Under the agreement, the Lake Forest, California-based company will allow stockholders owning at least 5% of its common shares for two years to propose two new directors every year and get their picks listed alongside the official slate in the proxy statement. The shift, effective next year, means that Apria’s nine directors may face opposition for their seats during the 2004 annual meeting, according to a Wall Street Journal report.
“The only way to influence board dynamics is by a robust selection process. This is a step toward it,” Ralph Whitworth, Apria’s outside board chairman, said in a Journal interview. According to Whitworth, current directors at the company debated extensively before they adopted the new policy last Thursday. “There were some directors reluctant to be first,” the company chairman recalled.
However, support was finally won after Whitworth convinced the board that a more open election process would improve the board’s independence and effectiveness. “We think we have a well-balanced and well-qualified board,” he said. But two-way races “will add another level of scrutiny each year.”
Tide of Change?
The move by Apria will intensify attention on the issue at the US Securities and Exchange Commission (SEC), which is grappling with the question of improving shareholder democracy. Earlier this spring, the agency launched a broad review to formulate possible changes in the proxy rules and regulations and their interpretations regarding procedures for the election of corporate directors. During this review, the agency will examine issues such as:
- shareholder proposals
- nomination processes
- elections of directors
- solicitation of proxies for director elections
- contests for corporate control
- disclosure and other requirements imposed on large shareholders and groups of shareholders.

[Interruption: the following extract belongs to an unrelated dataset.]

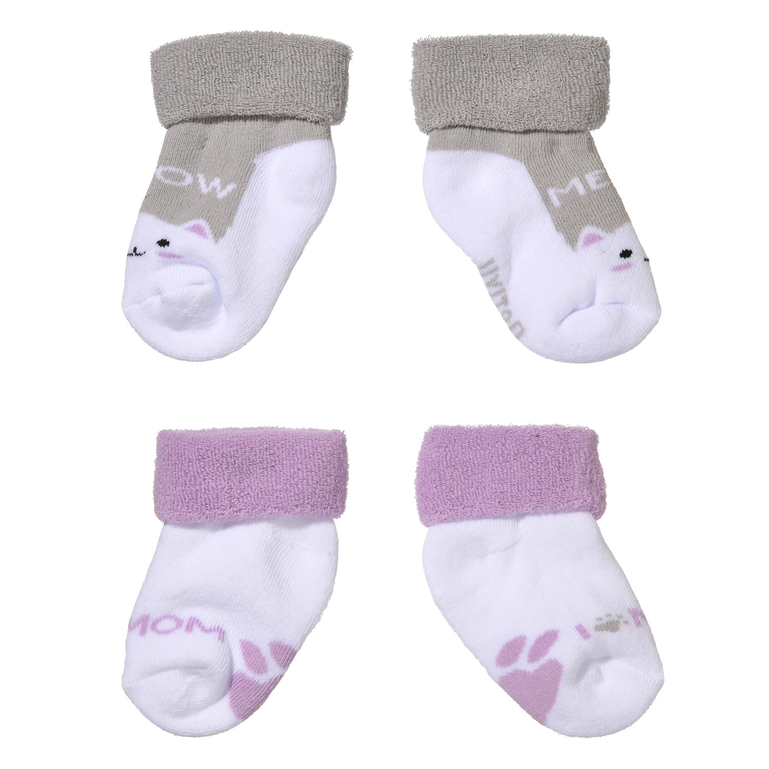 Набор носочков (2шт.) махра (Meow) сиреневый/серый 0-6мес.

Further, the SEC will consult with all interested parties, including representatives of pension funds, shareholder advocacy groups, and representatives from the business and legal communities and requested that recommendations be provided by July 15. The outcome of the review will not affect the current proxy voting season.
The recent round of actions arose after a proposal e arlier this year by the American Federation of State, County and Municipal Employees’ (AFSCME) pension plan calling for Citigroup to permit shareholders or groups of shareholders holding 3% or more of the company’s stock to nominate candidates for director in the company’s proxy material (SeePension Funds Urge SEC Action on Proxy-Access Issue). However, after review of a request from Citigroup, the SEC’s Division of Corporate Finance determined that existing Rule 14a-8 under the Securities Exchange Act of 1934 did not require Citigroup to include AFSCME’s proposal in its proxy materials.

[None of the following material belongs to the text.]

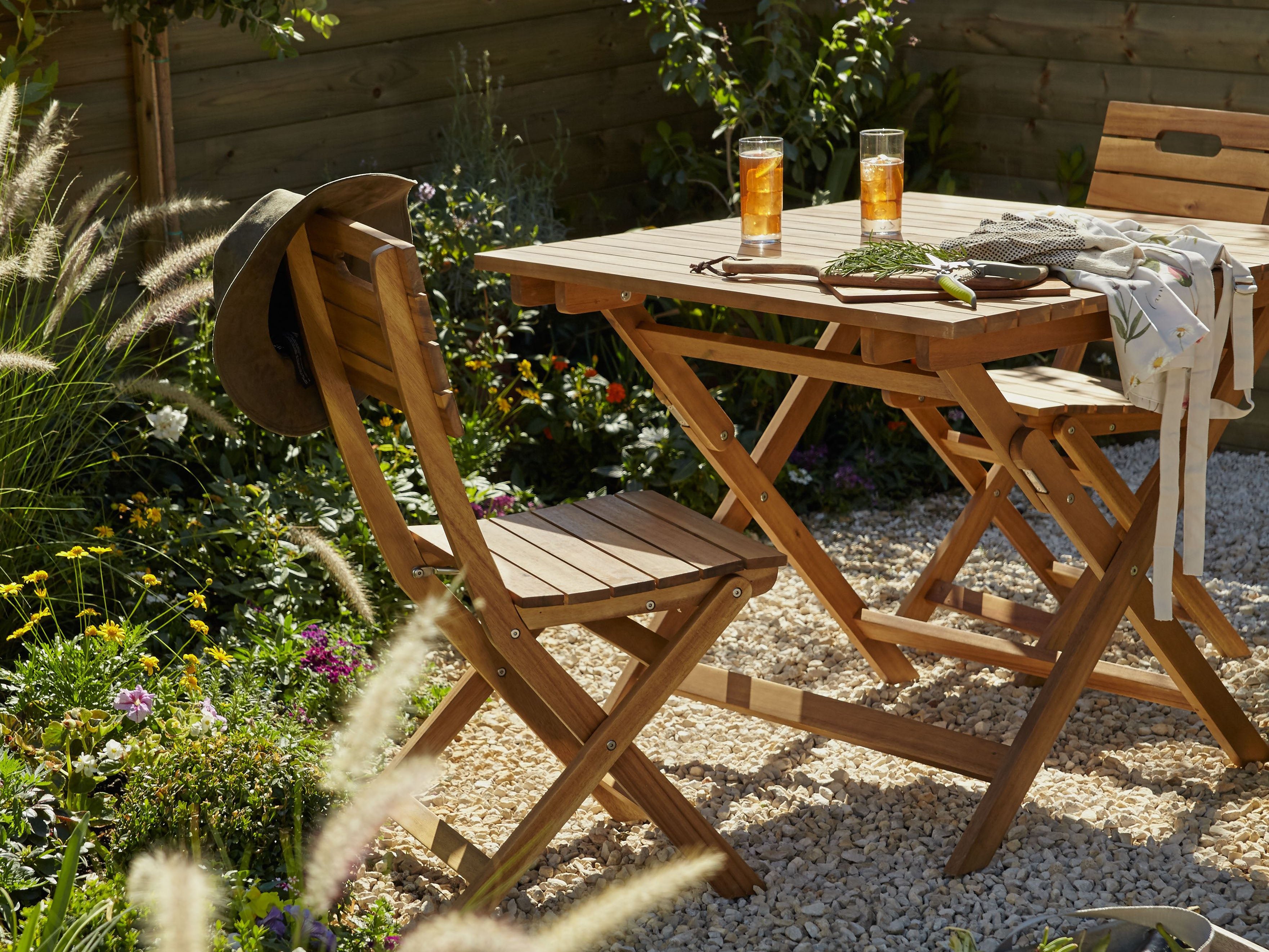 Комплект садовой мебели(стол складной + 2 стула), дерево дуб

Under the current rules, only candidates that are nominated by an incumbent board of directors are included on the ballots that companies distribute to their shareholders. If shareholders want to nominate a candidate, companies are not required to mention the candidate or to include that candidate’s name on the ballot. If a shareholders’ candidate wants support, they must bear the expense of printing, distributing and collecting their own ballots, as well as their own campaign material.

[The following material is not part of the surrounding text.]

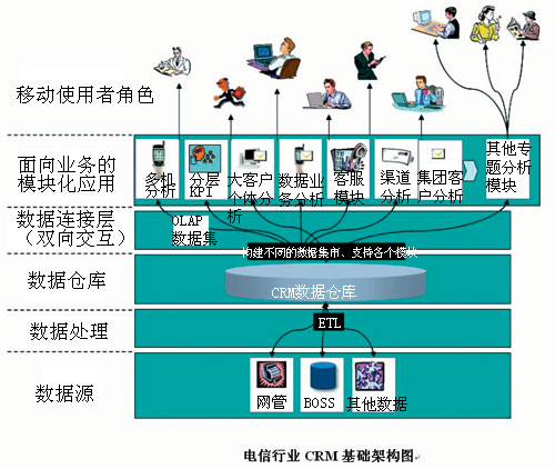 電信行業(yè)早期的CRM系統(tǒng)主要是由單一的多維分析子系統(tǒng)組成,比如移動(dòng)總公司最早的CRM系統(tǒng)就僅僅規(guī)范了以多維分析為標(biāo)準(zhǔn)的九大主題分析。隨著移動(dòng)電信市場(chǎng)的迅速增長(zhǎng),復(fù)雜程度越來越高,更多的子系統(tǒng)被添加進(jìn)來,IT系統(tǒng)建設(shè)中模塊化的思路通過數(shù)據(jù)集市的方式在CRM建設(shè)中體現(xiàn)明顯。

AFSCME had argued that such measures amount to spending large sums of money in what is essentially a proxy contest, action normally only required during hostile-takeover bids. However, Apria’s action marks the first time that a publicly held US company has made such a move to enhance shareholders’ direct involvement in board selection.
Unions and public pension funds strongly favor making it easier and cheaper for shareholders to add their own candidates to official board slates. Business groups are expected to oppose such a change as unwieldy, though few have filed comments so far.